The year 2012 saw a lot of development in the field of ITS applications, and one of the applications developed during this period that is worth mentioning is DriveAssist by Diewald et al. ¹³ DriveAssist provides users with an overview of nearby traffic, triggering warning messages for certain traffic incidents. SMaRTCaR ¹⁴ is a platform also developed during the same period that integrates smartphones and provides support to traffic management applications. Another application that makes use of the OBD-II standard to extract safety and environment-related information was proposed by Wideberg et al. ¹⁵ The See-Through System, by Gomes et al., ¹⁶ aims at improving the visibility of the drivers using augmented reality components, while the developers of SignalGuru ¹⁷ predict the schedule of traffic signals leveraging collaborative sensing on windshield-mount smartphones. Tornell et al. ¹⁸ proposed an application that can display important vehicles like ambulances and police cars on a map view, which was later improved in the study of Patra et al. ¹⁹

Later, in 2013, the CarSafe App ²⁰ was introduced by You et al., which is another driver safety app for Android phones that alerts drivers when detecting dangerous driving conditions and driver behaviour. It makes use of computer vision and machine learning algorithms on the images from front and back cameras of the smartphones to monitor and detect whether the driver is tired or distracted, while simultaneously keeping track of the road conditions. Another interesting application was proposed by Meseguer et al., ²¹ which incorporates data mining techniques and neural networks to analyse and generate a classification of driving styles using the data from the OBD-II, assisting drivers to correct the bad habits in their driving behaviour and providing tips to improve fuel efficiency.

Other interesting applications that are available online for download are Waze, ²² Torque, ²³ and iOnRoad. ²⁴ Waze is a well-known community-based traffic and navigation application where users share important traffic information on the go. Torque is an Android application that uses the data from the OBD-II connector to monitor different parameters in real time. The application iOnRoad, however, provides driving assistance functions including augmented driving, collision warning and ‘black-box’ like video recording.

Despite having found many different ITS applications for smartphones, we see that only a handful aimed at providing visual aids to the drivers, namely, SignalGuru, CarSafe and iOnRoad. However, none of these smartphone-based applications actually provides a real-time visual overtaking aid from other cars taking advantage of vehicular networks, even though the idea of video-based overtaking assistance systems is not new. Works like the See-Through System, ²⁵ which was later improved in the study of Gomes et al., ²⁶ although not targeted for smartphones, have also focused on the issue of video-based overtaking assistance. Other related works worth mentioning are Vinel et al. ²⁷ and Belyaev et al., ²⁸ which demonstrate the feasibility of such video-based assistance systems. Performance improvements related to a video-based overtaking assistant, that supports codec channel adaptation, is shown in the study of Vinel et al. ²⁷ Instead, Belyaev et al. ²⁸ focused on reallocation of wireless channel resources to enhance the experienced visual quality.

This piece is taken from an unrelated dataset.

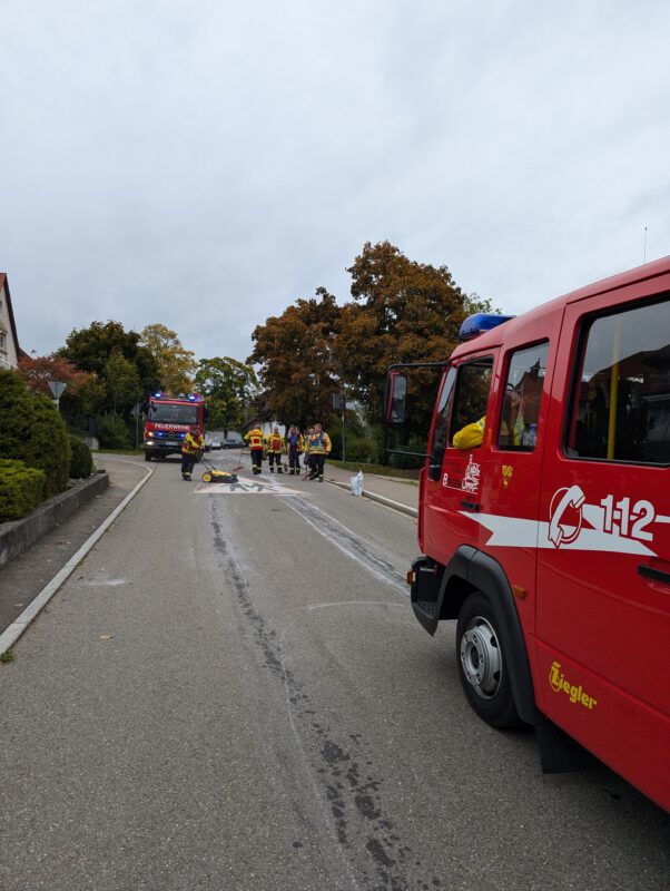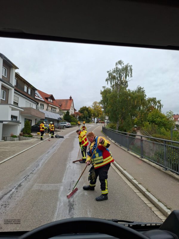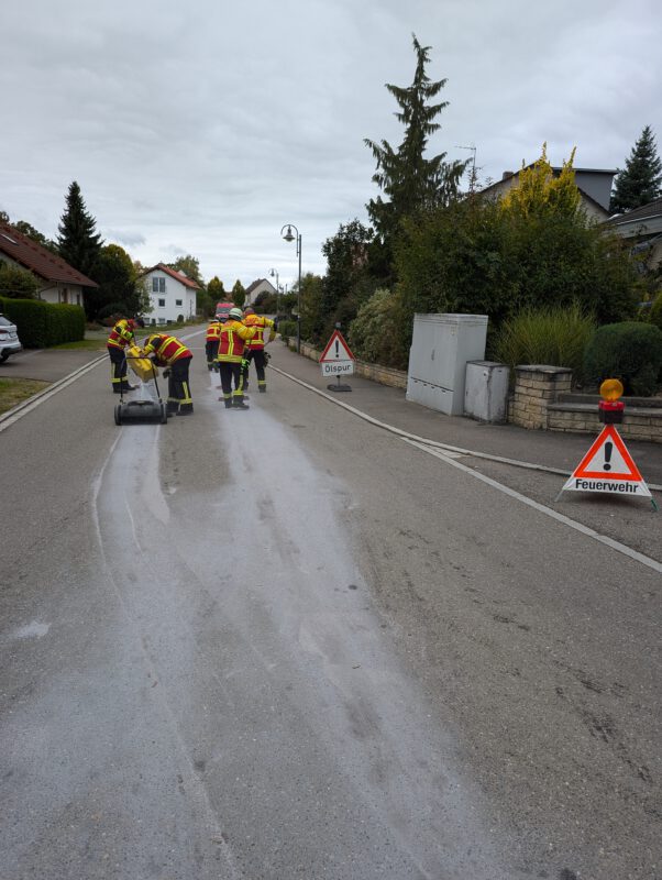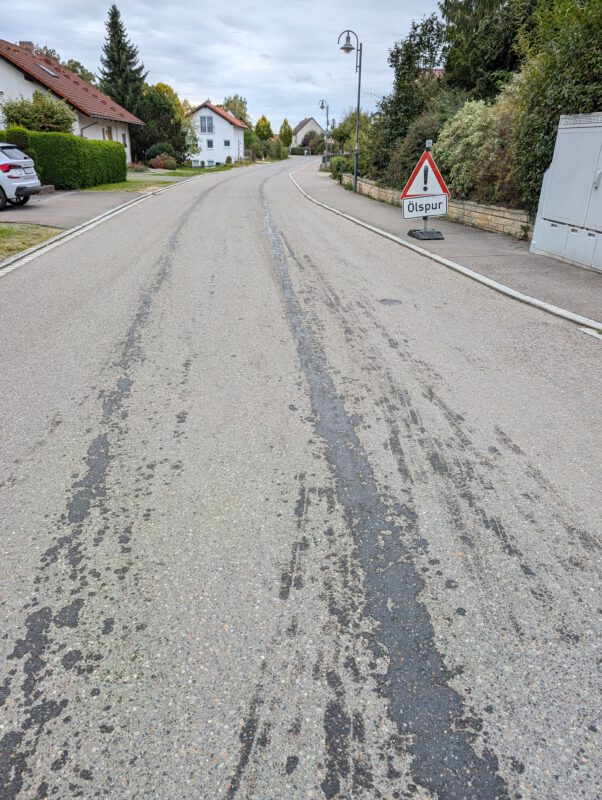 Durch einen technischen Defekt an einem Hydraulikbauteil entstand eine ca. 2 km lange Ölspur. Die Ölspur wurde abgestreut, aufgenommen und Warnschilder aufgestellt.

Encouraged by the findings from the aforementioned works, and in order to fill in the need for a visual overtaking assistance application that targets consumers, we decided to develop our proposed application that relies on smartphones to achieve rapid acceptance, studying the integration of smartphones with vehicular networks.

Application overview

Our application enables vehicles to perform real-time streaming of the view as seen by the driver sitting in the car ahead, thus providing users with visual assistance during overtaking. For our application to function properly, the users need to have a smartphone with GPS and a back camera, besides the availability of the vehicular network for data transmission.

The working of our overtaking aid application can be explained in three easy steps. In step one, the sender and the receiver vehicle of the video stream are selected using some special tests and validation conditions. The second step involves the transmission of the video being captured by the sender and its display at the receiver end. In the third step, which is also the last one, video transmission and playback are stopped when video transmission is no longer necessary.

Step one, which involves the election of video source and destination, begins with the broadcast of an advertisement message by devices running our application. This advertisement message is basically an announcement of video availability by nearby vehicles, containing information regarding the location of the vehicle broadcasting the advertisement packet and its direction of motion. Each vehicle, while broadcasting the video availability message, also listens for advertisement messages coming from its neighbours. Upon receiving an advertisement packet, the vehicle receiving it verifies whether the sender is a valid source from which a video stream may be requested. This validity check involves tests to find out whether the source is travelling just ahead of the receiver on the same lane and in the same direction. If more than one valid video source is detected, then the receiver selects the best source from all valid sources requesting the video. The selection is based on the distance between source and receiver. A more detailed explanation of the validity checks to select the video source is provided later in the section that follows.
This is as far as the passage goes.